CENTURY CITY, CALIF.
Photos of Mother Teresa, Mahatma Gandhi, and Martin Luther King hang in Jon Voight's living room, to remind him, he says, of a simple truth: "If people of that stature couldn't finish the work that needs to be done, then who are we?"
While humility and Hollywood may seem incompatible, a sense of one's place in the larger scheme of things permeates the career of Voight, a man who made a big first impression with moviegoers 30 years ago with his Oscar-nominated performance opposite Dustin Hoffman in "Midnight Cowboy." He went on to acclaim for his role as a socially conscious paraplegic in "Coming Home" and as a stricken city dweller in "Deliverance."
After decades of roles, recently including a snake hunter in "Anaconda" and a traitorous spy in "Mission Impossible," the lanky blond actor with a hint of the cherub in his cheeks has shepherded his latest project to the screen. "A Dog of Flanders" is about a boy and his dog in the birthplace of the great artist Peter Paul Rubens.
Based on the classic children's novel, the story follows an orphaned child's ambition to become a great artist - despite poverty and illiteracy.
"One of the main messages of this story," Voight says, "is 'Don't give up, no matter what the situation looks like.' " After having made more than 40 films, the actor can relate. "You're going to make mistakes in a career.
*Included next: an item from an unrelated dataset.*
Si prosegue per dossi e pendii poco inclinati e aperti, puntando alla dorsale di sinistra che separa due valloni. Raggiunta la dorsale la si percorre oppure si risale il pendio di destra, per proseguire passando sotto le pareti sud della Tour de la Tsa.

I still make them every day," he says, laughing.
"But the point is, we all have to face the moment of choice. People always have the option to just cut out. We wanted to show why it's so important to hang in there. You have to realize that you're put here for a reason. You might not know every minute what that reason is, but there's a point to your life, and you have to hang in there and keep pursuing it, no matter what."
The son of a Czech-American golf pro, Voight studied to be a painter. After finishing college with a degree in fine arts, he landed in New York to study acting. "I think you have to see what you are suited for and try to combine that with what comes from your heart," he says, describing how he made the transition from painting to acting.
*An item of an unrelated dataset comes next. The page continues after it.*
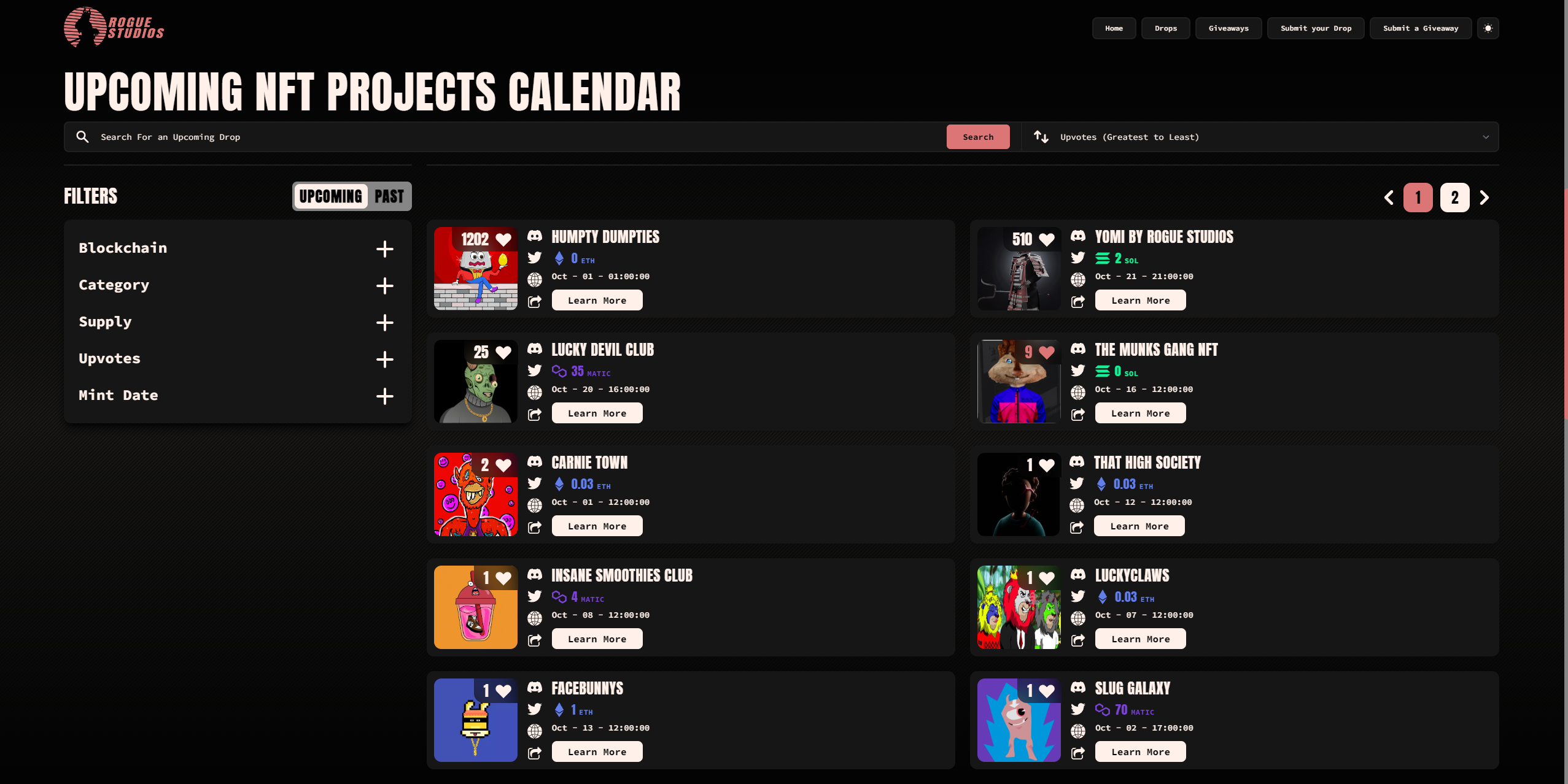 An upvote feature was also integrated to help provide insights into which upcoming drop has the most hype behind it. The upvote feature acts as a leaderboard that runs 24/7 and provides projects with the ability to bring more exposure to their drop if they have their communities' support.\

Voight "is a very spiritual man," says Frank Yablans, a longtime movie producer and former president of Paramount Pictures. Yablans, who oversaw such films as "The Godfather" and "Chinatown," says he brought "A Dog of Flanders" to Voight because of the actor's sensitivity and intelligence.
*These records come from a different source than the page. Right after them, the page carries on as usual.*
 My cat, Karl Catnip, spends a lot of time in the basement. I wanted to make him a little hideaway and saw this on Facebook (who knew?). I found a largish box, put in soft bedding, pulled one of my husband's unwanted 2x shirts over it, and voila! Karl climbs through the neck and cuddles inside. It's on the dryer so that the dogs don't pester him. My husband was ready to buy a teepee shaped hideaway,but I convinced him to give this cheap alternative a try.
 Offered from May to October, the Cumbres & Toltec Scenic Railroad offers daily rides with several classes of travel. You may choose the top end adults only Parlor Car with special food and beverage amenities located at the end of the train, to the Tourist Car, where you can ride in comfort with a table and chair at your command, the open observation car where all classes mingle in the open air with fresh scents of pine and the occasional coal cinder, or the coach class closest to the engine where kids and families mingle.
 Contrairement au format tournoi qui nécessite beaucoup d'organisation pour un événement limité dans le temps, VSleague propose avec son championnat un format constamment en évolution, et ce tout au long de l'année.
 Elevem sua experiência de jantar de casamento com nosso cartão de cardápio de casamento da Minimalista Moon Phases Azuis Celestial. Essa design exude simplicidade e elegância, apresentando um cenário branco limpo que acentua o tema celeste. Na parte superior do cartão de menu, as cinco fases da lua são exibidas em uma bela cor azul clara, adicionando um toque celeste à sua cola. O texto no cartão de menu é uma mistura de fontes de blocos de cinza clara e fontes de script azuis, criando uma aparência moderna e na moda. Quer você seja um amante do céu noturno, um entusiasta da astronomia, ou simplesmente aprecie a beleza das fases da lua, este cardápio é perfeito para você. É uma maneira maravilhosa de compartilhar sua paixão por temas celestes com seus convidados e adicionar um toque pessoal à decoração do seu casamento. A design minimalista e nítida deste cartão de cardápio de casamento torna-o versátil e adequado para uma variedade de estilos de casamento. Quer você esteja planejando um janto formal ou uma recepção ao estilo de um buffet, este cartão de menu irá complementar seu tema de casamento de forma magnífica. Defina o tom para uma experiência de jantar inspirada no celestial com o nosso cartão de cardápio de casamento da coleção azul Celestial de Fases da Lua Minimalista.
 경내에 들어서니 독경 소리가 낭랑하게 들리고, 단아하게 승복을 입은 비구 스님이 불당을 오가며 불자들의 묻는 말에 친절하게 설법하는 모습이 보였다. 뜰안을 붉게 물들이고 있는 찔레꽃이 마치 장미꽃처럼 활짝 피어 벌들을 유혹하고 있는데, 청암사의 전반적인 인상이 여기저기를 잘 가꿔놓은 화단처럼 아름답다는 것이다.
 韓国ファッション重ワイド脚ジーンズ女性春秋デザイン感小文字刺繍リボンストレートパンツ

Voight, who recently portrayed the biblical Noah on television, has immersed himself in social causes, such as rescuing children from the area around the Chernobyl nuclear accident. He says it takes more than ambition to create a meaningful life. He holds dear an Indian saying: "Strive, strive, strive, and behold." While often you won't know which direction the forces around you are moving, he says, "you need to stay the course. You never know what you do that might be important to someone else."
Indeed, Voight's character in "Flanders" serves as a mentor and father figure to the boy in the film, with unforeseen consequences. "We wanted to deal with serious issues that families raising children need to think about," he says, concerns such as what is a life well-lived. "Love is the deep ingredient," Voight says. "Unselfish love that's coming from a healthy source, that's the polestar."
Home is the crucible of that force. "Mothers are the true Renaissance person in our culture today," he says.
"A Dog of Flanders" has been served up on the silver screen several times, but the filmmakers felt it was time to dig beneath the surface of the classic tale.
"Integrity is ultimately the only characteristic that will overcome adversity," producer Yablans says. "The film is a celebration of the fact that if you keep the faith, and if you have strong moral character, you can overcome any disadvantages that may come because of birth, race, color, or ethnicity."
Besides, says Voight with a quick smile, "every film based on this book has been successful."
The film, which opens nationwide today, already has garnered the Bronze Gryphon Award at the recent Giffoni Film Festival in Italy, which focuses on family films.
"It's very unusual when you have a project that has something to recommend it," says Voight, indulging in a satisfied grin. "This film does, for me, for the entire family."